In the meantime, I’ve gone back to writing small stones – I’ll post a couple that I’ve written this month below And I’m working on my poetry. I completed the April poem a day challenge put out by Robert Lee Brewer over at Writer’s Digest. I also write to his weekly Wednesday prompts.

And this not usual for me – I’m editing some of my existing poems, getting them ready for submittal. (I’ve heard somewhere that if we haven’t received at least 100 rejections in a year, we haven’t submitted enough.

That I’m editing poems is the unusual part for me. I usually write them, and then only with quick word or two changes I’m finished. Some have worked that way, but of course I’ve written a lot of duds. So, I’m on this new tactic, and I don’t think I’ll be unhappy with the results.
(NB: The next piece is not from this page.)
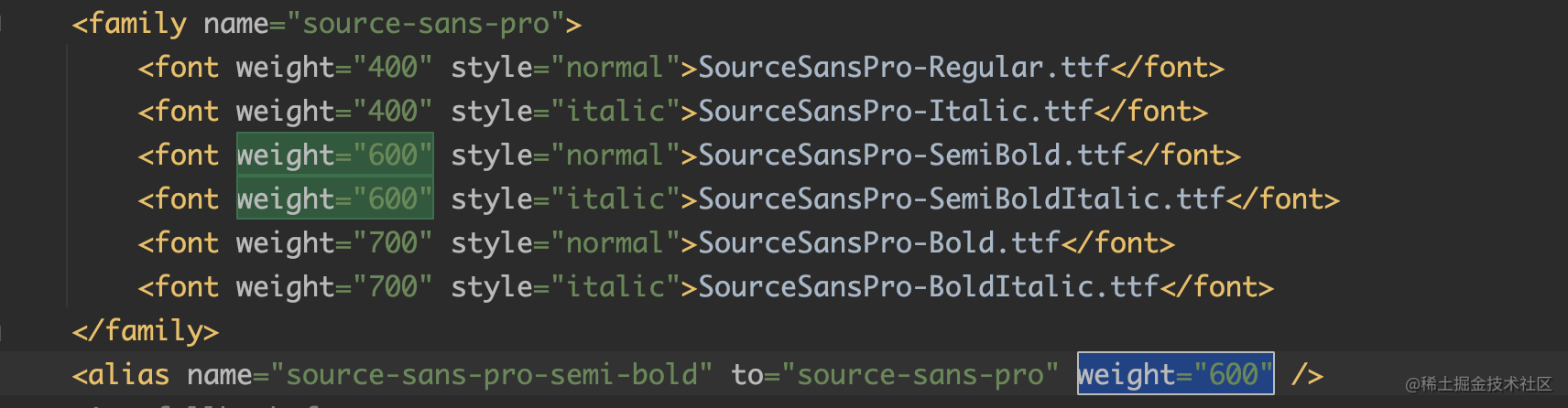 所以 Roboto 之类的字体库是一个很大的字体集,不同的 font-weight 其实对应着不同的 ttf ,例如默认情况下的 Roboto 是不支持 font-weight 为 600 的配置:

Just to let you know, I don’t have any plans whatsoever to start another book – fiction or nonfiction. At least not now. Maybe a book or chapbook of poems, but definitely not prose. This novel – started in 2010 – is still not finished eight years later, not counting the many times I’ve shelved it while I was getting my memoir ready for publication. Starting a novel in the midst of shopping my memoir around maybe wasn’t the best thing to do. But it worked for me to do something while the rejections rolled in.
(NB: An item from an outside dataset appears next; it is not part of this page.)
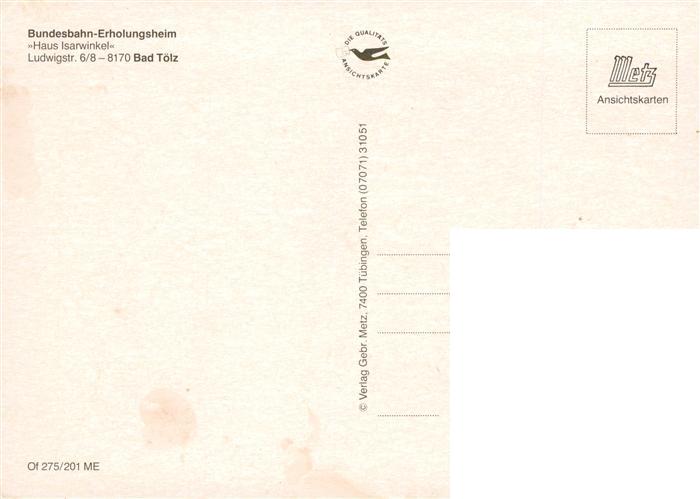 73878964 Bad Toelz Bundesbahn Erholungsheim Haus Isarwinkel postalisch nicht gelaufen Erhaltung siehe scans [WerneD78] KatCode: 11110009173112

And of course, I will still journal – something I can do any time anywhere. It’s the best writing thing I can do for myself. It’s like a meditation, a pouring out onto the page – a true cathartic experience. If you don’t journal, please try it. Believe me, you’ll find many beneficial results.

So, here’s a sampling of my small stones for May, whose title for this month is: 

Mayday Mayflower

I look at the clock on my bedside table
And the time doesn’t surprise.
It’s four am, like it was yesterday
And the day before,
And the day before that.

Thinking about all bereaved mothers today – Bereaved Mother’s Day –  and remembering as always, our beautiful son, Paul, now gone almost 19 years.
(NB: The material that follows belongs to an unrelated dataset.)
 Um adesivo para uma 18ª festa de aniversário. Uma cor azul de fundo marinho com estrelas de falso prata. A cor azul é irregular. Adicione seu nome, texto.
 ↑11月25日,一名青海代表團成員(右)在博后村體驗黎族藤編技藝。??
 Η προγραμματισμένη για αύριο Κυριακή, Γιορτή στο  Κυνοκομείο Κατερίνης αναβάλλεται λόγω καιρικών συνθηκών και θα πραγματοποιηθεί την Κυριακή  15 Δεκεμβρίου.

I watched the last NCIS TV show with Pauley Perrette. It was so sad to see her go. But maybe – since they almost killed her off but didn’t – they are leaving some room to have her come back. In the meantime, I’ll miss Abby.

 

 

Again, don’t forget to start journaling. Please let me know how you like it!

 

Comments

  1. Madeline. I know well that feeling of waking up early in the morning and remembering the one we have lost. I just wrote about a dream where John comes to me and I can see him again so clearly. Good luck in bringing your novel to completion. I, too, am working on a novel about Ava Stuart, the woman in A Portrait of Love and Honor. These things take time ….

    • Madeline Sharples says

      Thanks for your sweet thoughts, Susan. Yes, when I dream about Paul, which isn’t often, he’s clear as a bell. I wish I dreamt about him more.
      Good luck on your novel too. It takes lots of patience and focus. What a life, this writing life is!